I've trained with paper and EMR. I've practiced with paper and EMR. I would only suggest paper for a small, private, solo type practice where no one else really will ever read your notes.
Other than that scenario, EMR is the lesser of two evils.
-paper charts people will take your notes out and not put them back - and you get harassed where's your notes?
-paper charts people will miss file your notes after taking them out - and you get harassed where's your notes?
-paper charts will explode once they get too full *pop* and there are now several hundred pages of stuff lying on the unit floor...
-paper charts slowly wear/tear the holes, and now a sheet escapes... some one needs to catch this and put the reinforcers on it. But wait, where are the circle reinforcers?
-paper charts just aren't legible, and if they are, they take so much time to read each persons unique print or cursive. Can younger generations even read cursive anymore?
-paper charts are constricting with their boxes. Need to write more? Will you really get another sheet to label as an addendum?
-Paper charts ... WHERE IS THE CHART? WHO HAS THE CHART?
-paper charts... where are the vitals? were the vitals even done? who has the vitals?

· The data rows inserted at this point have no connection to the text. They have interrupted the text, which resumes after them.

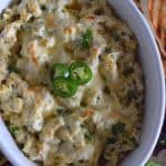 Cheesy, creamy, and baked until hot and bubbly, Roasted Jalapeno and Artichoke Dip is one of those dips you need to prepare for game day, an evening with friends, or a quiet movie night at home with family.
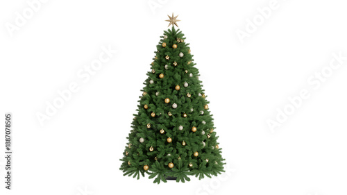 Decorated Christmas tree with gold and white ornaments holiday symbol transparent background
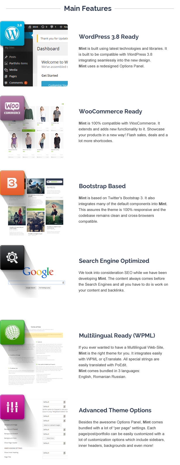 Mint is a Clean, Flexible, fully responsive and retina ready Wordpress theme. Its smart and hand crafted environment allows you to Build outstanding websites easy and fast.
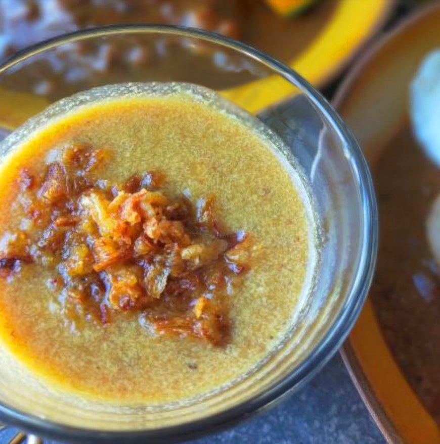 コールドプレスジュースで搾った、たくさんの野菜や果実を使ってできた繊維質豊富なスープです。北海道のメークインをベースにたくさんの野菜や果実を使用した豆乳のポタージュスープです。
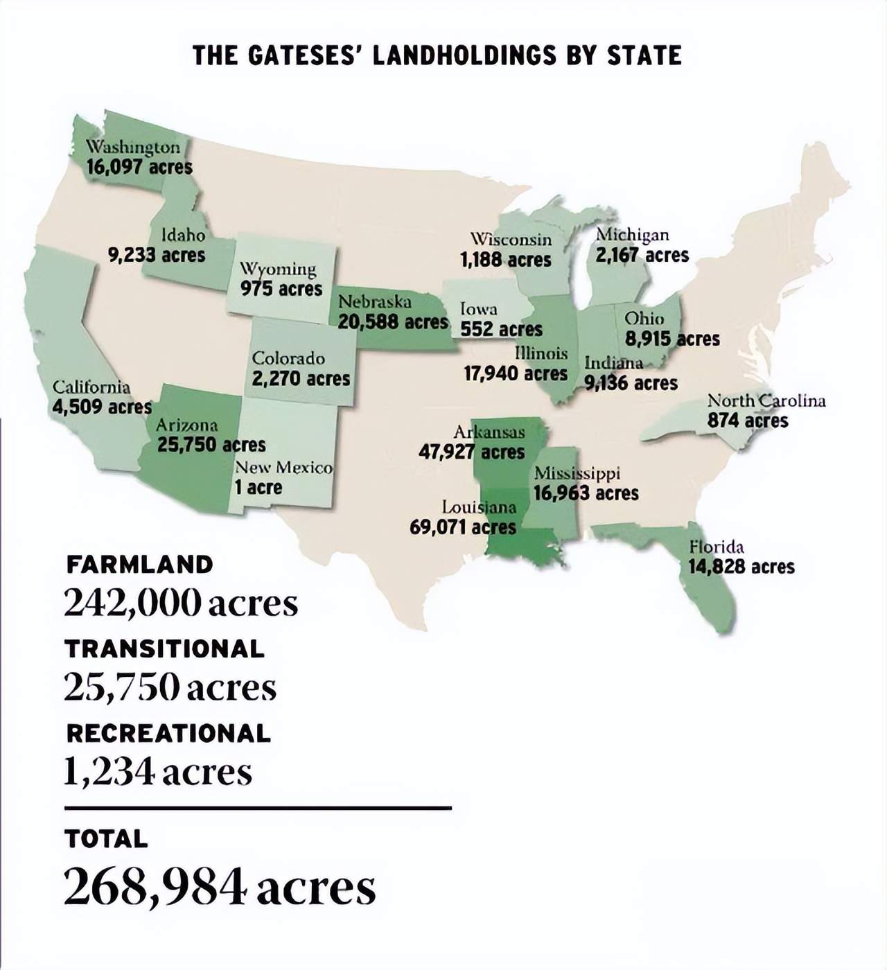 截至2021年,蓋茨在全美18個州擁有優質農田,總計約26.9萬英畝,跟香港的土地面積相當。
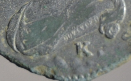 J'ai zoomé sur le bas du buste afin de montrer les différences de couleur entre les parties saillantes et donc usées ou le vert du bronze sous la pellicule d'argent ressort et les parties moins usées (signature du graveur)...
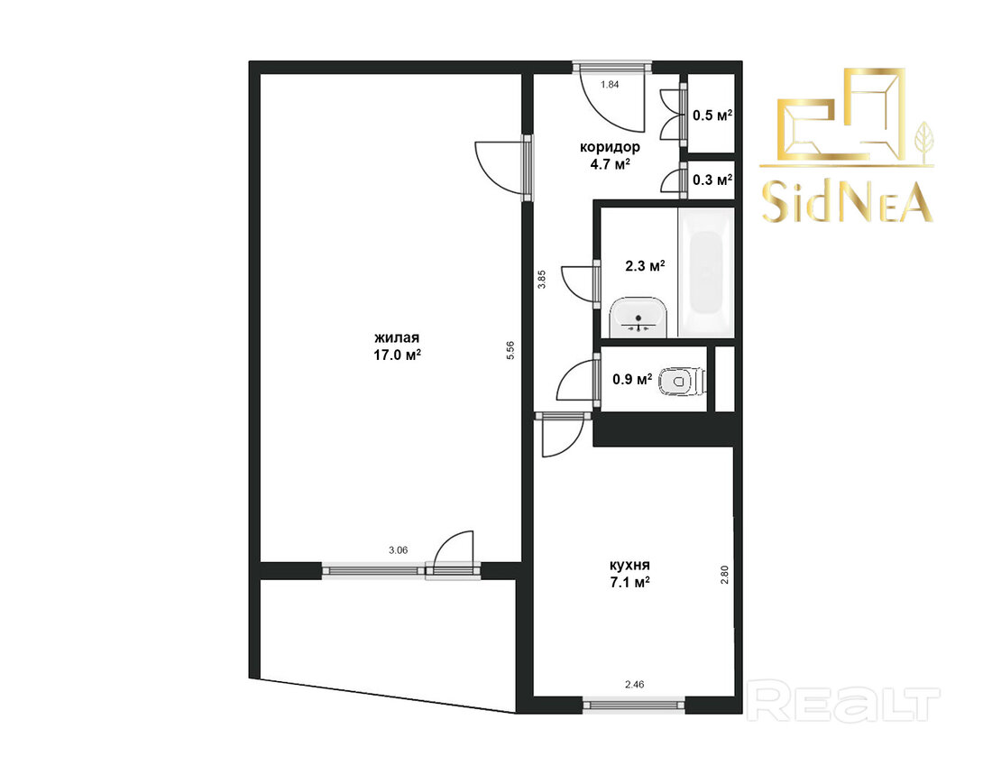Стоимость квадратного метра составляет 1 376 долларов. Вся квартира обойдется в 47 900 долларов.
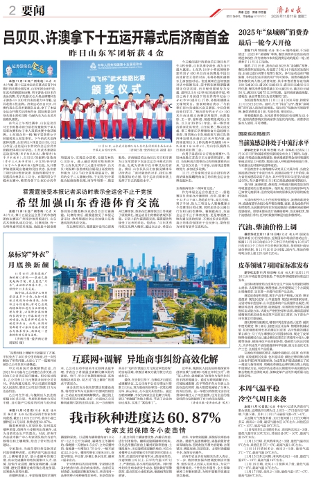 在今天上午的比赛中,山东运动员马玉乐和鲁诗雨分别在轻量级男子单人双桨决赛和女子单人双桨决赛中收获银牌。山东组合史一帆/鲍子雯获得女子轻量级双人双桨季军。下午的武术套路团体决赛,山东队以六项目总分58.612分夺冠,这也是山东首次在全运会武术套路团体项目中夺冠。山东武术套路队运动员许澳(男子枪术剑术)、韩雪诗(女子刀术棍术)、吕贝贝/刘振辉/张鲁南(男子三人徒手对练)、于文珂/孙守诺(女子二人器械对练)发挥出色,从开赛伊始便展现出稳健的竞技状态,虽在前三项比拼中暂居次席,但始终紧咬比分,仅落后吉林队0.113分。在第四项女子棍术比赛中,韩雪诗拿下9.800分的单项最高分,实现总分逆转,反超吉林队0.030分。进入最后两项对练决胜环节,山东队在男子三人徒手对练中,吕贝贝/刘振辉/张鲁南组合展现出高度的协作能力,以9.740分获单项最高分。随后的女子二人器械对练,于文珂/孙守诺组合延续强势表现,再夺单项第一,锁定胜局。济南输送的运动员吕贝贝和许澳为山东军团拿下本届全运会开幕式后的首金,也成为济南市在开幕式后的首金。赛后,山东队队员们在接受媒体采访时表示,“面对强劲的对手,我们主要是靠团结的力量,每个运动员都在场上发挥了自己的最佳水平。”
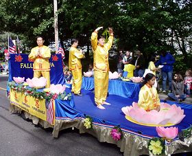 ![]() 法轮功学员参加绿树节游行,受到欢迎 |
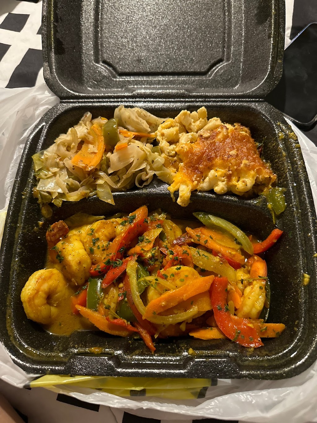 I was looking for my seafood spot and noticed it was replaced with this one, decided to try them out anyways .. very welcoming people, and the store is clean.. I got curry shrimp, Mac and cabbage. Everything was bomb, full of flavor 😙🤌🏽 no food left behind .. I’d say my only gripe was expecting a heavier platter 😅 can’t wait to see how much better they get, I gave them four stars since they’re new, the store is still bare so they still have room for atmosphere improvement.
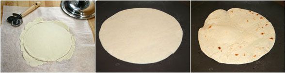 Heat a non-stick pan (or crepe pan) on the stove, and when it's hot, take the tortilla placed on the parchment paper, lay it in the pan, and then gently remove the paper; cook the tortilla at moderate heat for a maximum of two minutes, turning it on both sides.
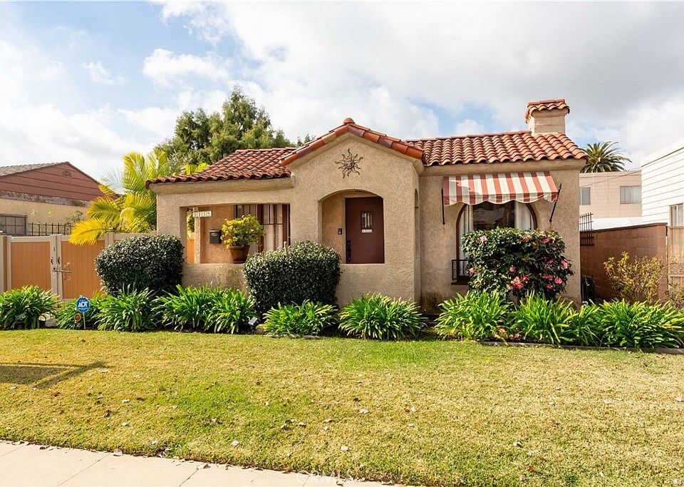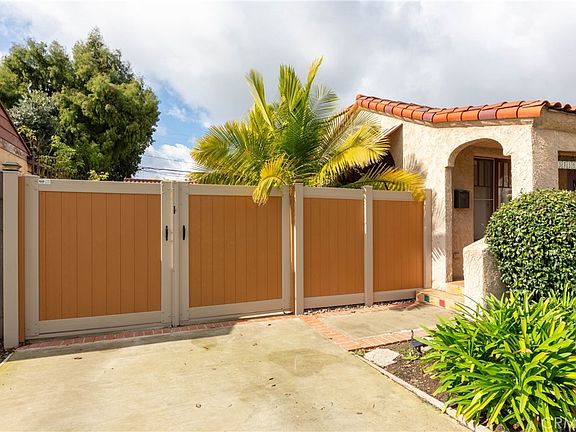 Don’t miss this incredible turnkey Cal Heights Spanish style home with a touch Moroccan Flare. Enter through the original front door into a living room featuring oak plank flooring with walnut inlays that match the walnut trim and picture railing. The room also boasts a barrel ceiling, two large arched picture windows, a faux fireplace and beautifully trimmed windows. Two alcoves bookmark a wonderful archway leading into the dining room. The dining room features the same flooring and trim and is large enough to accommodate a table for eight. The kitchen retains its Spanish appeal while including newer maple shaker cabinets, solid surface counters, terra-cotta floor tiles and the original built-in ironing board. There is also a breakfast area with more cabinets for storage with a butcher block counter that is flanked by a full pantry with pull-out shelves. The large bathroom is highlighted with period appropriate tile and includes a pedestal sink, tub/shower combo, private toilet alcove, and a built-in vanity with mirrors and plenty of drawers. The main bedroom has two large windows, two deep closets, picture railing, a ceiling fan and soothing custom paint. The second bedroom also has a large window, ceiling fan, and picture railing. In addition, it also has a smaller closet and French doors leading to the back deck. The beautifully landscaped backyard offers a wood deck adjacent to a pergola with spa, a flagstone walkway dividing two artificial grass areas, a new veranda-covered patio, and a raised flower bed with an automatic drip system. The oversized 2 car garage has a workbench, drywall, washer/ dryer hookups, and plenty of storage. There are also two automatic garage doors for front and rear access to a paved alley. The home also includes a top-quality vinyl front entry gate, central air cooling and heating system, Pex piping, tankless water heater, solar panels and an upgraded electrical box. Both front and back yards are equipped with automatic sprinklers.
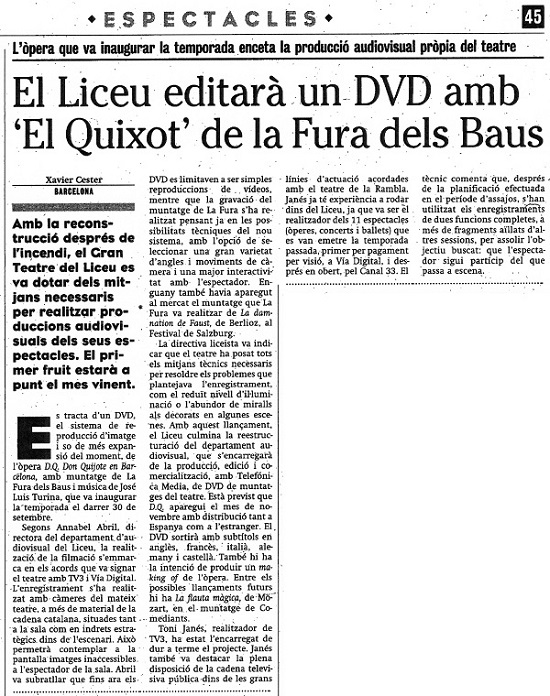 El Gran Teatre del Liceu acaba de entrar con fuerza en la vanguardia de la creación audiovisual al lanzar la primera grabación en DVD de una ópera que utiliza a fondo todas las grandes posibilidades de este nuevo formato. La ópera en cuestión es "D.Q.", la nueva creación de La Fura dels Baus, sobre música de José Luis Turina, que abrió la presente temporada.
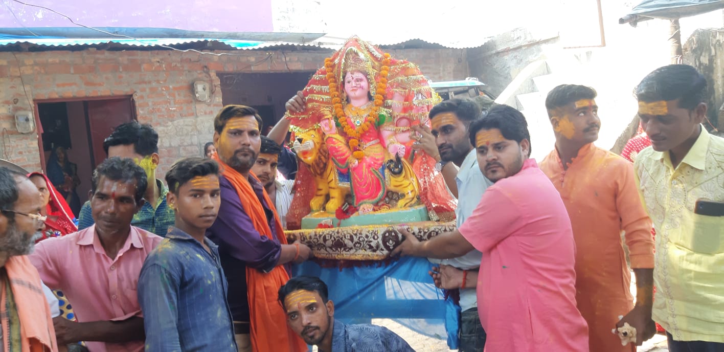 माता रानी के जयकारों एवं ढोल नगाड़ों के साथ  धूमधाम से किया गया मूर्ति विसर्जन
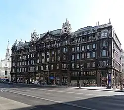 Das ursprüngliche Erscheinungsbild des vierstöckigen Gebäudes war von einer reich gegliederten Fassade, einer aufwändigen Dachlandschaft mit Steintürmchen, Ziergittern und einem Tempelgiebel zwischen den beiden überkuppelten Mittelrisaliten geprägt. Diese beiden Kuppeln stehen mit den Türmen der benachbarten Klothilden-Paläste im Einklang und bilden somit ein beinah einheitliches Bauensemble. Die platzseitigen, steinverkleideten Nord- und Ostfassaden sind reich mit kolossalen Säulen, Obelisken und anderen bildhauerischen Ornamenten verziert. Die straßenseitigen, verputzten Süd- und Westfassaden sind einfacher gehalten. Das Gebäude verfügt über zwei herrschaftliche Treppenhäuser, die Flügel sind durch einen überglasten Innenhof miteinander verbunden. Eines der sechs Servicetreppenhäuser wurde durch einen Bombenangriff im Zweiten Weltkrieg zerstört und nicht wieder aufgebaut. Der Balkon über dem Haupteingang wird von zwei, ungarische Stammesmänner darstellenden, als Hermen ausgebildeten Atlanten getragen.[5]
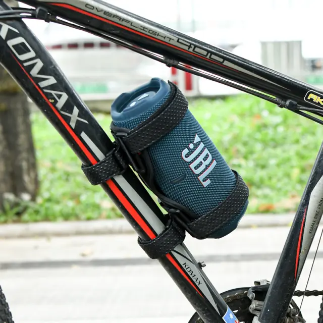 Univerzalna združljivost: Ta nosilec za kolo je združljiv s široko paleto cilindričnih in kvadratnih zvočnikov Bluetooth, vključno s priljubljenimi modeli JBL, UE, Beats in drugih. Prilega se zvočnikom različnih premerov in oblik.

-paper charts, delays in dictation system that can take a day or two. Rounding on patients with notes that are 1-2 days old is frustrating, and takes more time to piece together with looking at the order section and MAR to see if any noteworthy med changes, or nursing notes if any noteworthy events.
-paper charts lead to wrist pain and finger calluses. Then minor things like your pen running out of ink, now your replacement pen for the day is the cheapest basic pen that isn't what your prefer for flow/quality/efficiency of writing.
-paper charts when on call, nurses are slower too, you hear them flipping through page after page when you ask them, hey what meds is this person on? Pure time waste.
-Paper charts also have charting. This really is dependent on the clinician not the charting method. Paper chart docs if dictating can use thier same canned phrase over and over with each patient, and you are left wondering what the heck is going on with this patient really? EMR can have the same effect with cut and paste, or just very anemic templates.
-Paper charts also require extra time to circle back to medical records to sign the verbal or other orders you missed.
-Paper charts FINGER CUTS.
-Paper charts, WHERE ARE THE PATIENT IDENTIFIER STICKERS. They seem to run out and now you can't appropriately label your notes because, ya got no stickers.
-Paper charts, morning treatment team meetings take longer, because don't know their patients, and if they even reach for the charts to appropriately answer questions, it takes more time than an EMR to find the answer.
-Paper charts, it really gets old fast, signing your name, dating it, and timing it on EACH PIECE OF PAPER.
-paper charts, make a mistake? sign / date that too!
-paper charts, can't read your own hand writing.
-paper charts, nurses can't read your own hand writing so they page you (rightly so!) which means more pages
-Paper charts, don't have the miracle of CARE EVERYWHERE like Epic does.